Митенька сглотнул и кивнул.
Конечно, все дело в руке, будь она трижды проклята. Рука принадлежала Ивану Данилову. В больнице у него отрезали левую руку и отдали санитарке Гаване, Митенькиной бабушке, чтобы она, как это было заведено, отнесла ее в кочегарку и бросила в огонь. Гавана завернула руку в газету, сунула в сумку с продуктами и после работы отправилась в кочегарку. Но по пути встретила подружку Тосю, которая завлекла ее в компанию. Гавана забежала домой, велела внуку Митеньке присматривать за рукой и убежала пьянствовать.
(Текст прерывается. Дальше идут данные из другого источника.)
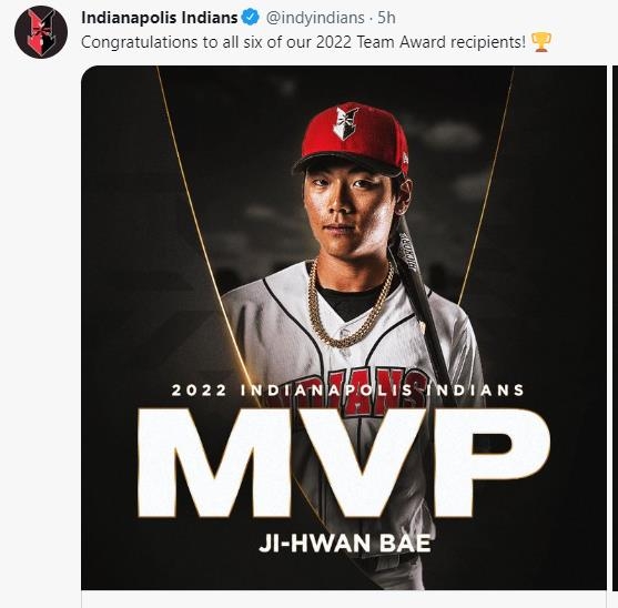 이날 피츠버그 산하 마이너리그 트리플A 인디애나폴리스 인디언스는 "이번 시즌 팀 최우수선수(MVP)로 배지환을 선정했다"고 밝혔다.
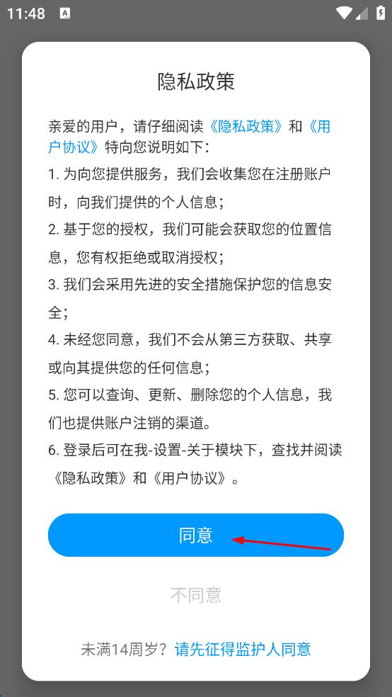 1、打開學(xué)習(xí)通,會彈出隱私政策頁面,仔細(xì)閱讀后點(diǎn)擊同意按鈕。

А Митенька остался один на один с рукой, облепленной газетой. Из газеты торчали сине-багровые пальцы с грубо обкромсанными грязными ногтями. Митенька достал руку из сумки, положил на стол в гостиной и выключил свет. Но через минуту вернулся в комнату, услыхав какой-то шум. Включил свет и увидел, что рука лежит себе на столе как ни в чем не бывало. Что-то, однако, мешало Митеньке уйти и заняться уроками. Он сел на стул и уставился на руку, на эти страшные сине-багровые пальцы, от которых невозможно было отвести взгляд. Митенька не мог встать, сидел, словно примороженный к стулу. Он не мог закрыть глаза или отвернуться. Страшная рука стала центром мира, его богом, омерзительным и неумолимым. Митенька не мог думать ни о чем другом – он думал только о руке, хотя и не мог рассказать, о чем же именно он думал. Может быть, и не думал, а грезил. Он потерял счет времени. Иногда ему начинало казаться, что рука оживает и ползет по столу, перебирая сине-багровыми пальцами, как уродливое насекомое – лапками, чтобы наброситься, вцепиться, задушить…
– Прошло два дня, – напомнила Цикута Львовна.
– Прошло два дня, – упавшим голосом сказал Митенька.
Два дня – целых два дня – Митенька провел в гостиной наедине с рукой. Он рассказывал ей разные истории и даже читал стихи, чтобы не было так одиноко и страшно. Он уже не понимал, на каком свете находится, пока не пришла Гавана. Она взяла руку и отнесла в кочегарку, а Митенька, едва добравшись до постели, тотчас уснул.
– Два дня, – сказала Цикута Львовна. – Подлупаев, два дня!
– Я не вру, – сказал Митенька. – Вы же знаете, что я правдив, как животное.
Митенька двигался не сходя с места. Он морщил лоб, поправлял длинные жидкие волосы, переступал с ноги на ногу, дергал плечами, выпячивал нижнюю губу, чесался, щурился, моргал и то и дело локтями подтягивал великоватые штаны.
– Можешь идти, – сказала директриса.
Но когда он уже взялся за ручку двери, Цикута Львовна вдруг спохватилась.
– Стихи, Подлупаев! Какие стихи ты читал руке, черт бы тебя взял?
Она вела русский язык и литературу в старших классах.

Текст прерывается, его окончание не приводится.